All authorities seem generally in agreement with the proposition that in awarding damages to one injured by another’s breach of contract, the aim of the law is to put the plaintiff in as good a pecuniary position as full performance of the contract would have put him, at the least cost to the defendant and without charging the defendant for remote and unforeseeable harm. Conversely, the damages awarded to the plaintiff should never put him in a better position than he would have been in by full performance of the contract. The alternative means of measuring plaintiff’s damages, as set forth above, never puts the plaintiff in a better position than he would have been in by full performance of the contract, so long as the plaintiff would not have suffered a net loss from full performance. The proof that full performance would have resulted in a loss to the plaintiff is a matter of defense; there is no burden on the plaintiff to prove that there would not have been any loss.

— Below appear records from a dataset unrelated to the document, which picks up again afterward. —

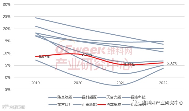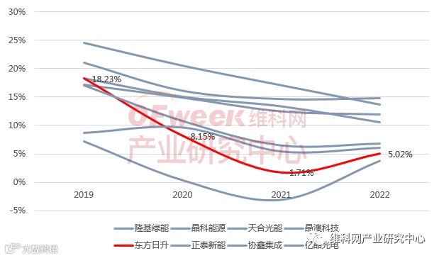东方日升组件产品毛利率近年来下滑比较明显,近三年相较头部企业差距较大,2021年更是下降至仅1.71%,2022年有所回升,为5.02%。
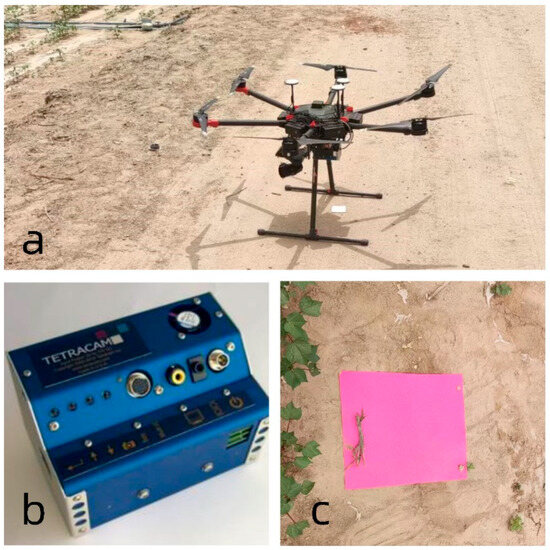 (a) aerial drone; (b) Micro-MCA Snap multispectral camera; (c) ground identification mark.
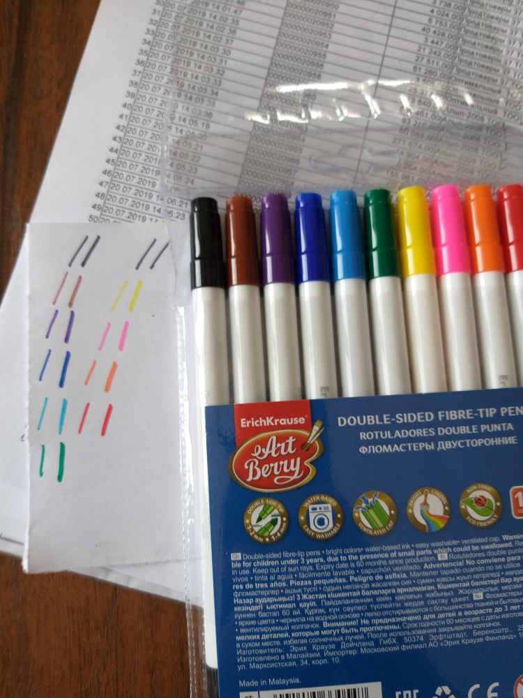 Фломастеры качественные, пишут ярко. С одной стороны толстый стержень для затушевки, с другой тонкий. Можно писать как ручкой. Дочь довольна!
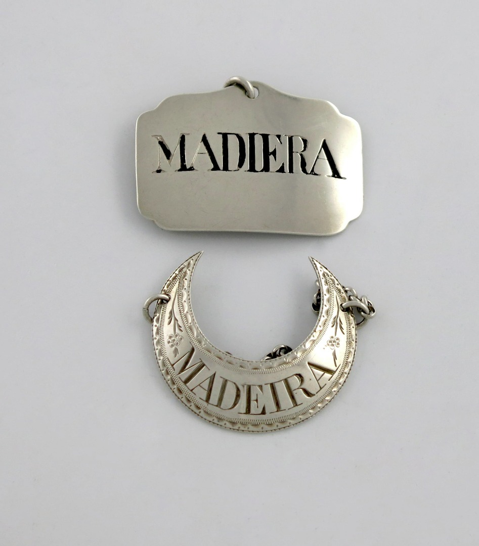 crescent form, bright-cut decoration, incised 'MADEIRA', length 4cm, plus an 18th century unmarked wine label, of rectangular form, incurved corners, blackened 'MADIERA', length 4.8cm. (2)

The trial court directed a verdict for the defendant at the close of the plaintiff’s case on the grounds that the plaintiff had failed to introduce any evidence of damages. Plaintiff offered evidence as to the amount paid for the franchise and for purchase of the equipment, as well as its organizational expenses and the then current value of the equipment. Under my views expressed above, such evidence would have furnished a basis for the jury to arrive at the damages sustained by plaintiff-appellant as a result of the alleged material breach of the franchise agreement. Of course, the question of a material breach of the agreement remains a factual issue for the jury. 
      
      . Under the terms of the franchise agreement plaintiff was required to pay the defendant monthly royalties. Plaintiff apparently has not sought to recover the amounts so paid.
     
      
      . During the first year of operation the plaintiff made, after taxes, a profit of $8,711.00.
     
      
      . Whether there is double recovery depends upon how “profits” are defined. If the term “profits” means the contract price less the cost of plaintiff’s completion, then the allowance of expenditures in addition thereto would be a double recovery ; however, if the term “profits” is defined to mean the net amount that would have been made by the plaintiff had there been full performance, then the allowance of expenses made in preparation and in part performance is not a double recovery. Thus, many cases do allow the recovery of both profits and these expenditures. 22 Am.Jur.2d, Damages, § 160, at p. 230.
     
      
      . Corbin, Contracts, § 1031, at 192.
     
      
      . This is stated by Chancellor Pitney in Holt v. United Security Life Ins. & Trust Co. (1909), 76 N.J.L. 585, 72 A. 801, at 306, as follows:
      “ * * * But where one party repudiates, and thus prevents the other from gaining the contemplated profit, it is not, we think, to be presumed in favor of the wrongdoer (in the absence of evidence) that complete performance of the agreement would not have resulted in at least reimbursing the injured party for his outlay fairly made in part performance of it. Ordinarily, the performance of agreements results in advantage to both parties over and above that with which they part in the course of its performance; otherwise there would soon be an end of contracting. And it seems to us, upon general principles of justice, that, if he who, by repudiation, has prevented performance, asserts that the other party would not even have regained his outlay, the wrongdoer ought at least to be put upon his proof.”